DATASET SECTION:
________________
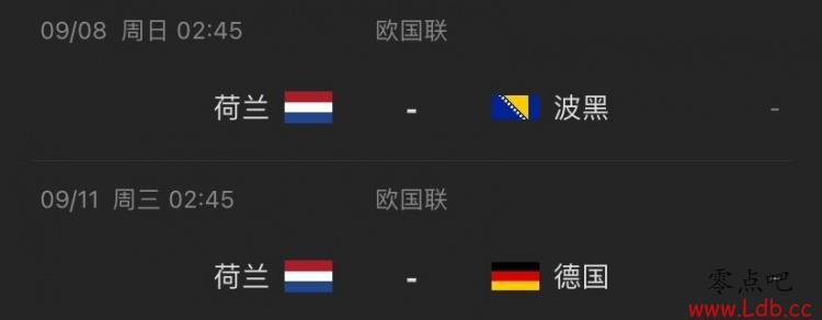 9月,荷兰将迎来两场欧国联赛事,分别迎战波黑和德国↓
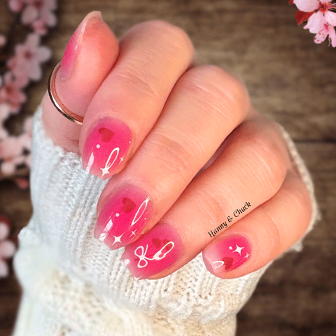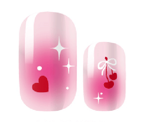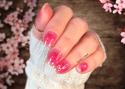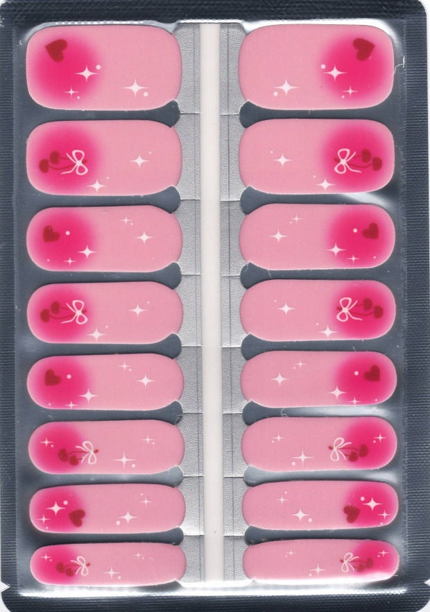 Your Place or Mine? is a sheer pink nail wrap with a soft, glossy finish and playful heart accents. The translucent base lets your natural nail show through, creating a clean, barely-there look, while the deeper pink hearts add a flirty touch without overpowering the design. Sweet, subtle, and effortlessly wearable — perfect for everyday romance or a quiet nod to Valentine’s vibes year-round.
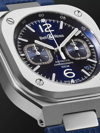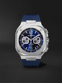 Bell & Ross' 'BR 05' watch is crafted to feel modern and sporty, while staying true to the house's geometric design codes. The satin-polished stainless steel case and bezel are neatly squared and anchored by four signature screws. It's set with a recessed round dial and has Super-LumiNova®-filled hands, numerals and indices to ensure maximum legibility at all times. The flexible rubber strap sits comfortably flush with the lugs and is durable enough to stand up to daily wear. We offer a two-year warranty for all working parts and manufacturing faults for luxury watches. For more information, contact one of our experts by emailing watches@mrporter.com Details & Care Movement - Swiss-made calibre BR-CAL.321. automatic movement with 42-hour power reserve - 25 jewels, 28,800 Vph Functions - Hour, minute and second hands - Date window - Chronograph: 30-minute counter at 9 o'clock, central chronograph seconds Dial - Blue sunray-brushed dial - Super-LumiNova®-filled numerals and indices. Metal skeletonised Super-LumiNova®-filled hour and minute hands - Case - Satin-finished and polished stainless steel case - Crown for time adjustments and manual winding - Sapphire glass crystal - Exhibition case back - Buckle-fastening blue rubber strap Specifications - Case diameter: 42mm - Water resistance: 10 bar - Comes in a presentation box - Reference number: BR05C-BUBU-ST/SRB - This item has been imported
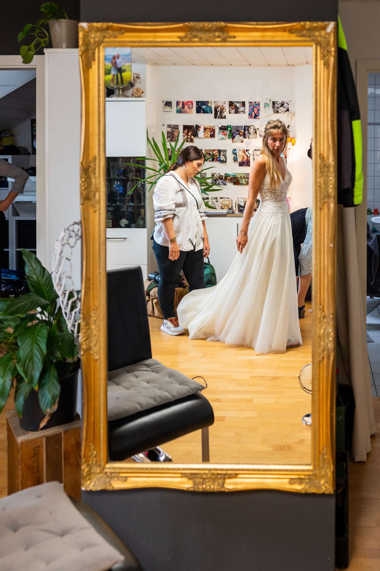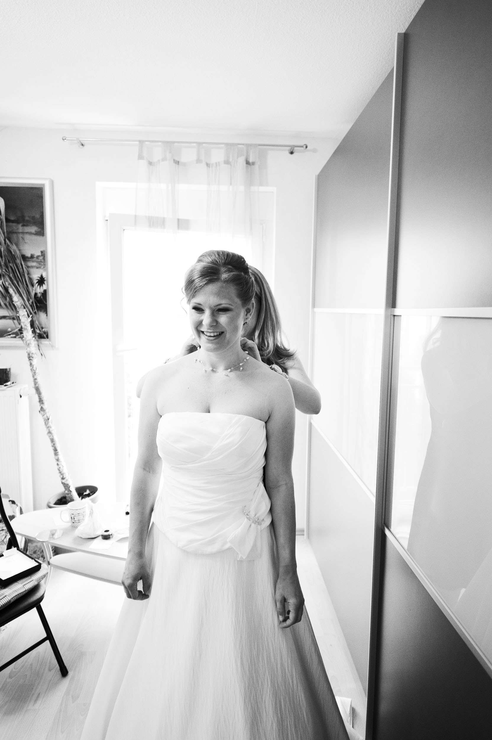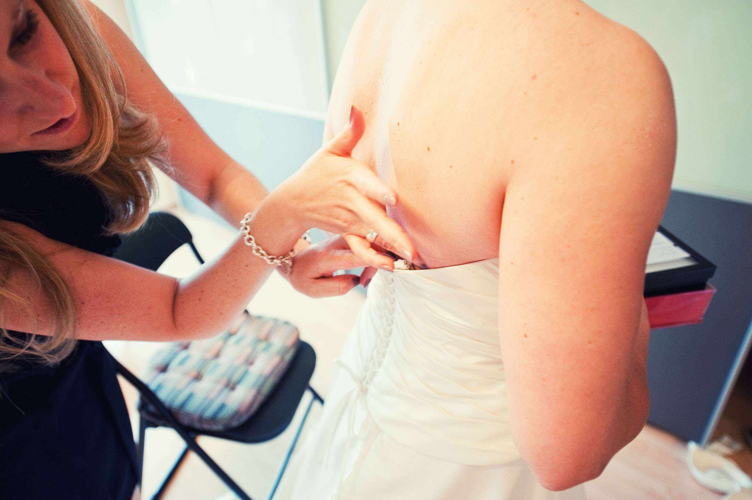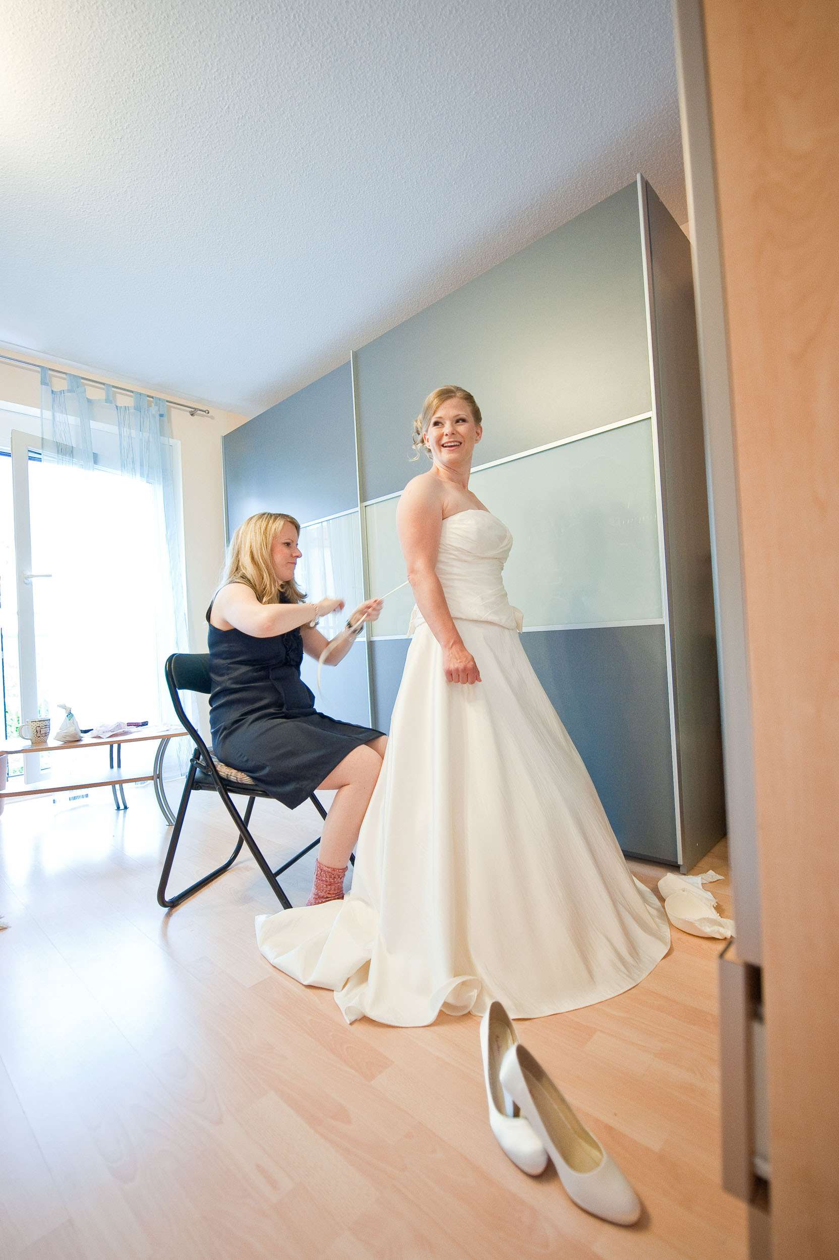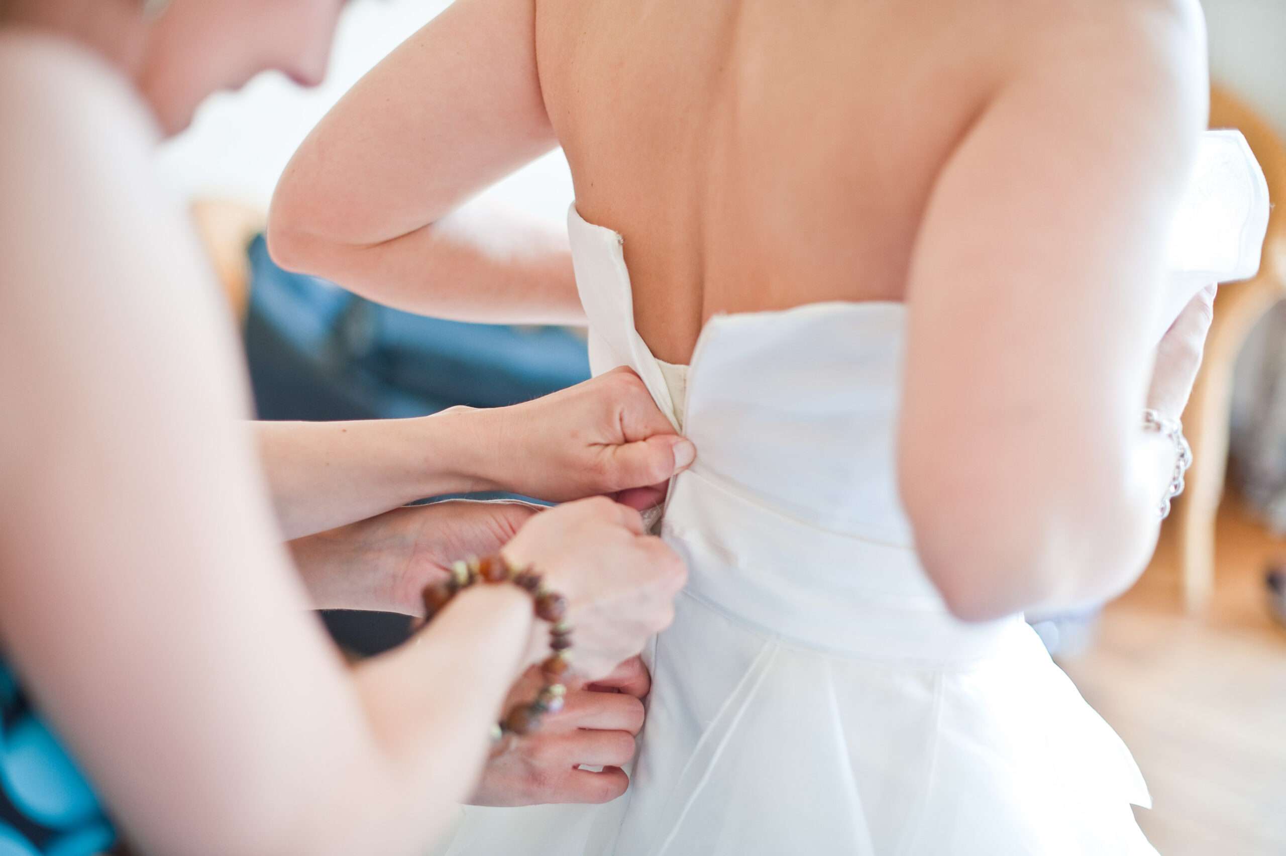 Braut wird von Freundin beim Ankleiden geholfen.
________________
Restate the data above word for word. Do not include the images.

SOLUTION TO THE PROBLEM:
 9月,荷兰将迎来两场欧国联赛事,分别迎战波黑和德国↓
 Your Place or Mine? is a sheer pink nail wrap with a soft, glossy finish and playful heart accents. The translucent base lets your natural nail show through, creating a clean, barely-there look, while the deeper pink hearts add a flirty touch without overpowering the design. Sweet, subtle, and effortlessly wearable — perfect for everyday romance or a quiet nod to Valentine’s vibes year-round.
 Bell & Ross' 'BR 05' watch is crafted to feel modern and sporty, while staying true to the house's geometric design codes. The satin-polished stainless steel case and bezel are neatly squared and anchored by four signature screws. It's set with a recessed round dial and has Super-LumiNova®-filled hands, numerals and indices to ensure maximum legibility at all times. The flexible rubber strap sits comfortably flush with the lugs and is durable enough to stand up to daily wear. We offer a two-year warranty for all working parts and manufacturing faults for luxury watches. For more information, contact one of our experts by emailing watches@mrporter.com Details & Care Movement - Swiss-made calibre BR-CAL.321. automatic movement with 42-hour power reserve - 25 jewels, 28,800 Vph Functions - Hour, minute and second hands - Date window - Chronograph: 30-minute counter at 9 o'clock, central chronograph seconds Dial - Blue sunray-brushed dial - Super-LumiNova®-filled numerals and indices. Metal skeletonised Super-LumiNova®-filled hour and minute hands - Case - Satin-finished and polished stainless steel case - Crown for time adjustments and manual winding - Sapphire glass crystal - Exhibition case back - Buckle-fastening blue rubber strap Specifications - Case diameter: 42mm - Water resistance: 10 bar - Comes in a presentation box - Reference number: BR05C-BUBU-ST/SRB - This item has been imported
 Braut wird von Freundin beim Ankleiden geholfen.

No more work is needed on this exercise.